• WHAT IS REQUIRED: Without any images, write the data out exactly as it appears.

• INPUT DATA:
:::::
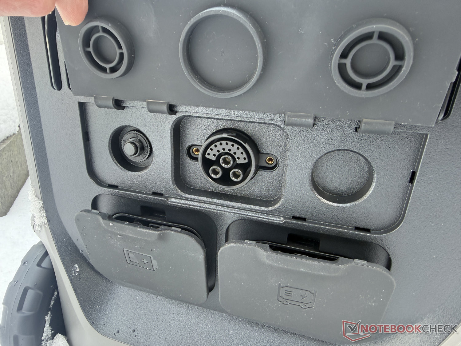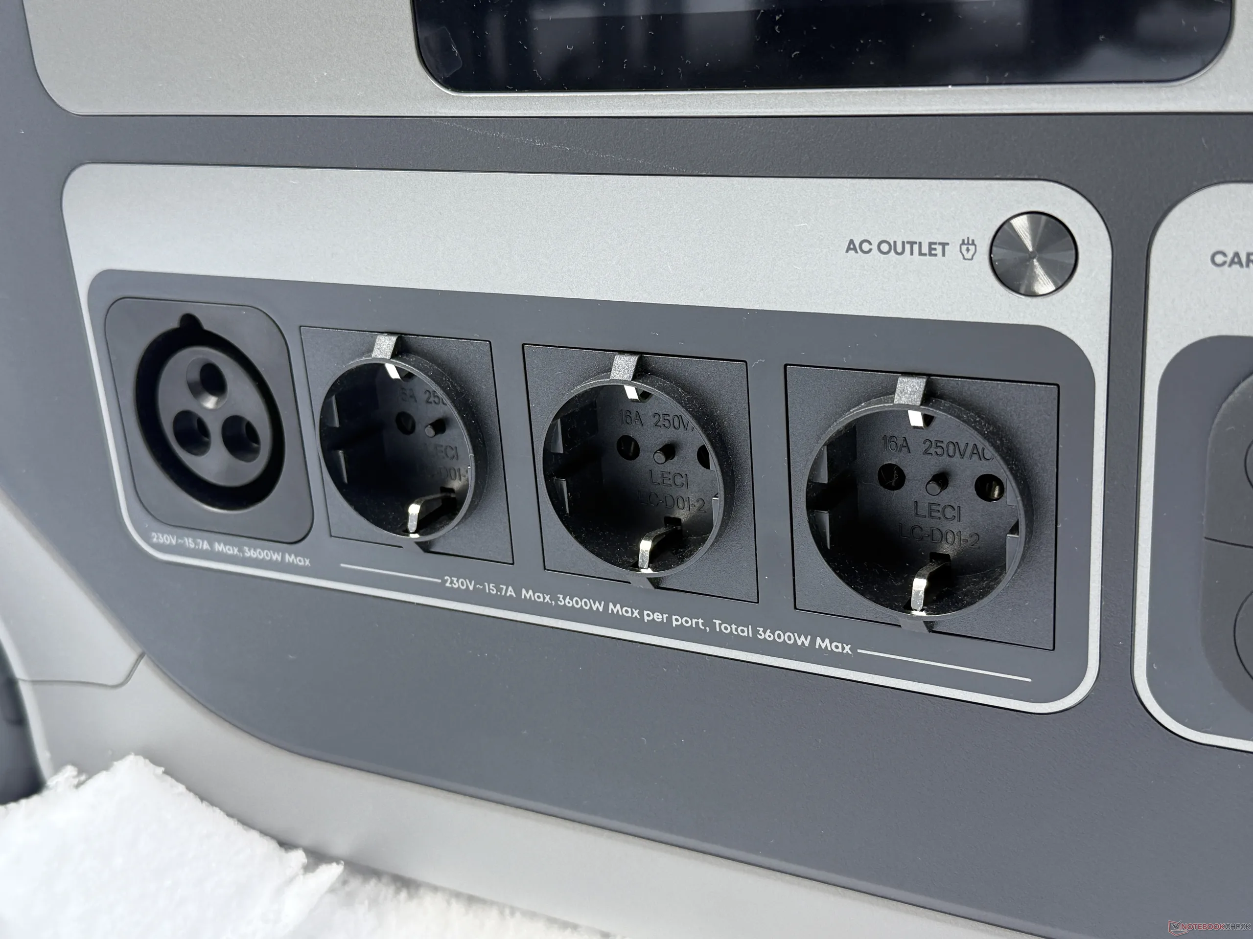 Für die 230-V-Versorgung stehen nicht nur drei AC-Steckdosen, sondern auch ein CEE-Anschluss (beispielsweise für die Landstromversorgung von Wohnmobilen) zur Verfügung. Dazu kommen je zweimal USB-C (max. 100 W) und USB-A (max. 12 W) sowie die übliche 12-V-Kfz-Steckdose.
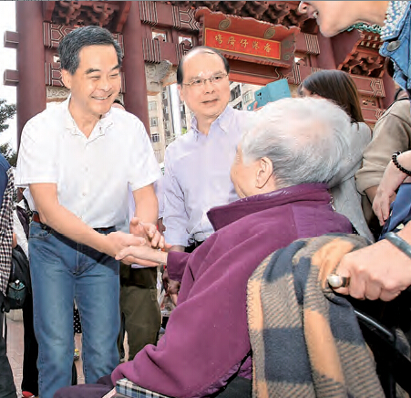 【香港商報網訊】記者戴合聲報道:65歲或以上長者和合資格殘疾人士「2元乘車優惠計劃」,昨日起分階段擴展至綠色專線小巴,涵蓋全港超過八成、共407條路線。昨日早上,行政長官梁振英(CY)罕有地穿上白恤衫及牛仔褲,以耳目一新的親民形象,偕同勞工及福利局局長張建宗一起落區,到香港仔南寧街的專線小巴站視察運作情況。張建宗事后形容,首日運作暢順,長者反應正面。
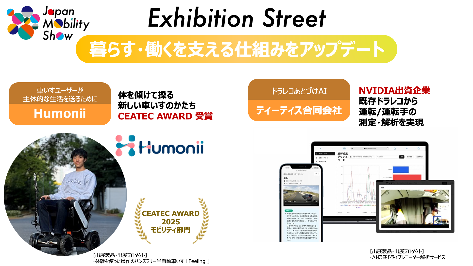 つづいてのカテゴリーでは、「Humonii」は、体を傾け、直感的に操作可能な車いす 「Feeling」 を展示します。こちらは、「CEATEC AWARD 2025 モビリティ部門」を受賞された、注目のプロジェクトです。また、simカードを挿入するだけで、運転の測定をAIが解析するサービスを提供する「ティーティス合同会社」。
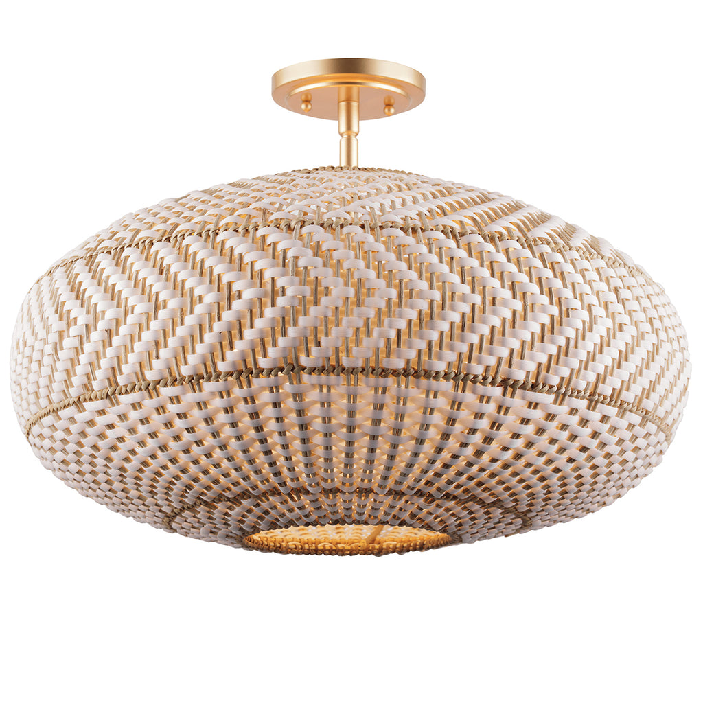 The Zanzibar Collection is an embodiment of laid-back luxe and thoughtful simplicity. By marrying the natural textures of natural rattan with white lanyard, the fixture introduces a striking two-tone color palette and soft gold finish that instantly brings comfort and style to a living space Handcrafted with precision, the intricate weave introduces texture and depth to your décor. Whether suspended over a breakfast nook or in pairs above a kitchen island, the Zanzibar Pendant exudes an earthy, elegant charm that brings an artisanal touch to your decor.
:::::
• EXERCISE RESULT:
 Für die 230-V-Versorgung stehen nicht nur drei AC-Steckdosen, sondern auch ein CEE-Anschluss (beispielsweise für die Landstromversorgung von Wohnmobilen) zur Verfügung. Dazu kommen je zweimal USB-C (max. 100 W) und USB-A (max. 12 W) sowie die übliche 12-V-Kfz-Steckdose.
 【香港商報網訊】記者戴合聲報道:65歲或以上長者和合資格殘疾人士「2元乘車優惠計劃」,昨日起分階段擴展至綠色專線小巴,涵蓋全港超過八成、共407條路線。昨日早上,行政長官梁振英(CY)罕有地穿上白恤衫及牛仔褲,以耳目一新的親民形象,偕同勞工及福利局局長張建宗一起落區,到香港仔南寧街的專線小巴站視察運作情況。張建宗事后形容,首日運作暢順,長者反應正面。
 つづいてのカテゴリーでは、「Humonii」は、体を傾け、直感的に操作可能な車いす 「Feeling」 を展示します。こちらは、「CEATEC AWARD 2025 モビリティ部門」を受賞された、注目のプロジェクトです。また、simカードを挿入するだけで、運転の測定をAIが解析するサービスを提供する「ティーティス合同会社」。
 The Zanzibar Collection is an embodiment of laid-back luxe and thoughtful simplicity. By marrying the natural textures of natural rattan with white lanyard, the fixture introduces a striking two-tone color palette and soft gold finish that instantly brings comfort and style to a living space Handcrafted with precision, the intricate weave introduces texture and depth to your décor. Whether suspended over a breakfast nook or in pairs above a kitchen island, the Zanzibar Pendant exudes an earthy, elegant charm that brings an artisanal touch to your decor.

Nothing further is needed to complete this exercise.